Introduction
This article was written for anyone who is interested in generating images using artificial intelligence, but does not know where to start. It’s surprisingly easy to get started and costs absolutely nothing to try it out – just follow along, and within a few minutes you will be seeing your very own AI generations. If you decide to skip the rest of this introduction and move directly to the step by step instructions – you’ll be doing it even sooner.
If you’ve ever used test-to-image AI and made some images – this guide is not for you. If you have local version of stable diffusion refining your MidJourney generations or run Google CoLab notebook with disco diffusion animations – again, you already know everything you may find in this article.
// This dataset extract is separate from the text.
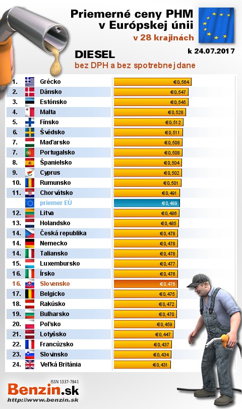 Nasledujúce údaje sú spracované podľa informácií EUROSTATU vydaných 27.07 k 24.07.2017 za obdobie v 29.týždni (od 17.07.2017 - 23.07.2017), ako ich uviedli členské štáty EU. Ceny sú uvádzané v euro. V tabuľke uvádzame štáty Európy podľa toho, za akú priemernú sumu v predchádzajúcich dňoch tankovali.

However…
If you are a creative professional, enthusiast, designer, artist, painter or simply curious; if you have seen AI art and would like to try it yourself; if you think machine learning and artificial intelligence may require too much technical knowledge to interface with – read on and join in the fun!
AI's of Choice
Generating content using artificial intelligence is currently a very vibrant and hot discipline. Just in the space of text-to-image generators there are currently dozens of different models and algorithms. Virtually every tech company develops their own tech – from Microsoft to Google to TikTok to Meta – everyone is in on it.
As of August 2022, when this guide was written, there are four AI models that clearly stand out from the rest. These are: Dall-E 2, Imagen, MidJourney and Stable Diffusion.
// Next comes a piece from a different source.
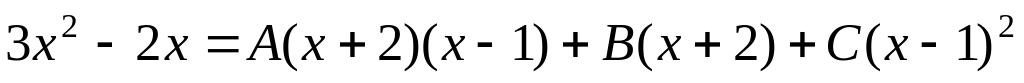 Найдем неопределённые коэффициенты A, B, C подстановкой частных значений переменной.

Dall-E 2 by OpenAI is probably the most widely publicized text-to-image AI system. It was the first to stand out from the crowd and gained much attention from the media when it first launched. It was widely considered the most advanced, publicly accessible model – producing very coherent results despite some murmurs about suspected recent drop in quality. Dall-E 2 is unfortunately in a closed beta and requires an invite to use. Since this guide is meant to get you started in a matter of minutes – we will have to put this one aside as it may take weeks or even months to be accepted to the program.
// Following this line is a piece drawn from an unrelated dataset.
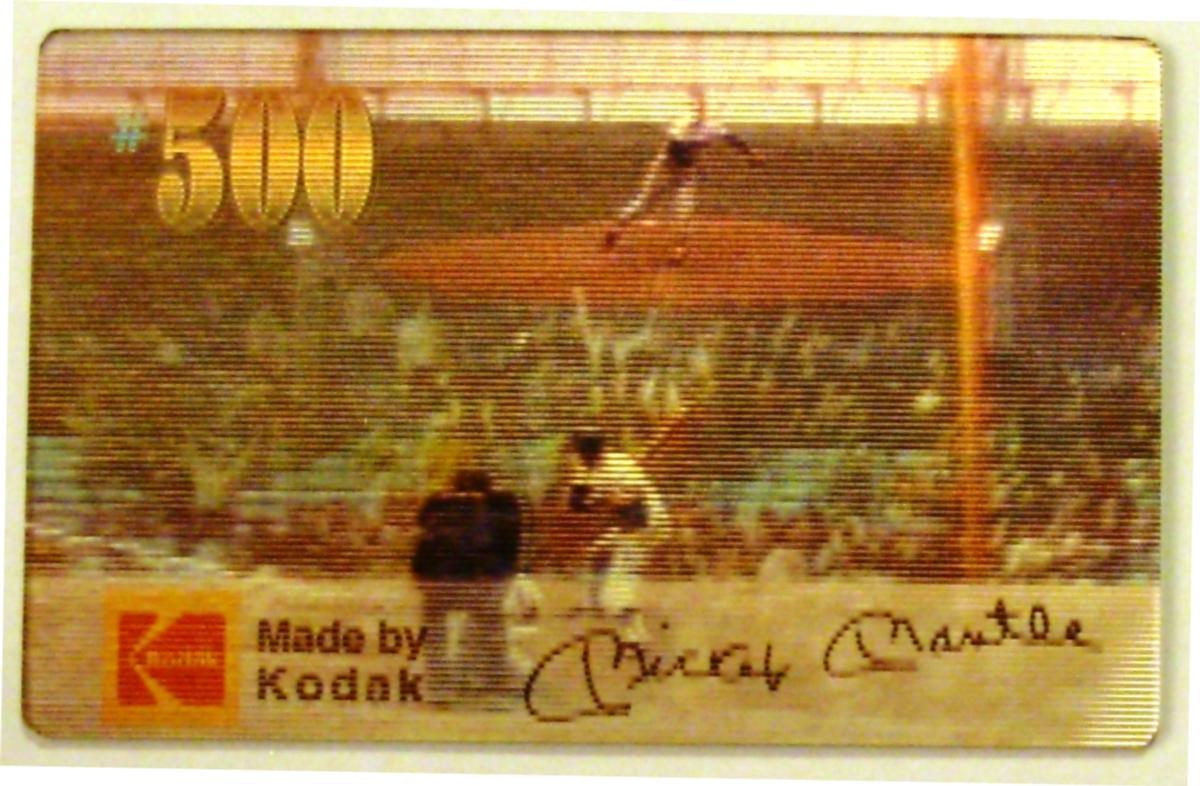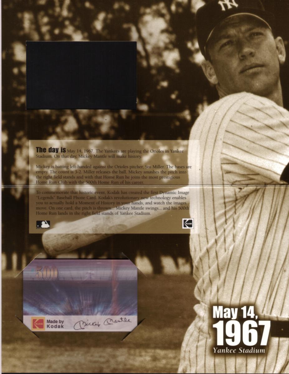 The card bears the title "Dynamic Image Legends" and specifically references the "Historical 5M Mickey Mantle MLB Baseball 500th Home Run" through a Kodak lenticular motion effect, emphasizing its collectible nature. It includes clear visual elements connected to Mickey Mantle properties and Major League Baseball iconography, aligning it with baseball memorabilia collectors and fans of baseball history.

Based on the information published so far, Imagen is the most advanced AI image generation system currently out there. It should come as no surprise, since it was developed by Google – company with virtually unlimited computing power and access to vast amounts of data collected from the internet, and its users. Currently Imagen is not available publicly, so the claims of its quality remain unverified. Also, it only gets a honorable mention in this guide, and we move onto the systems ordinary mortals can actually use today.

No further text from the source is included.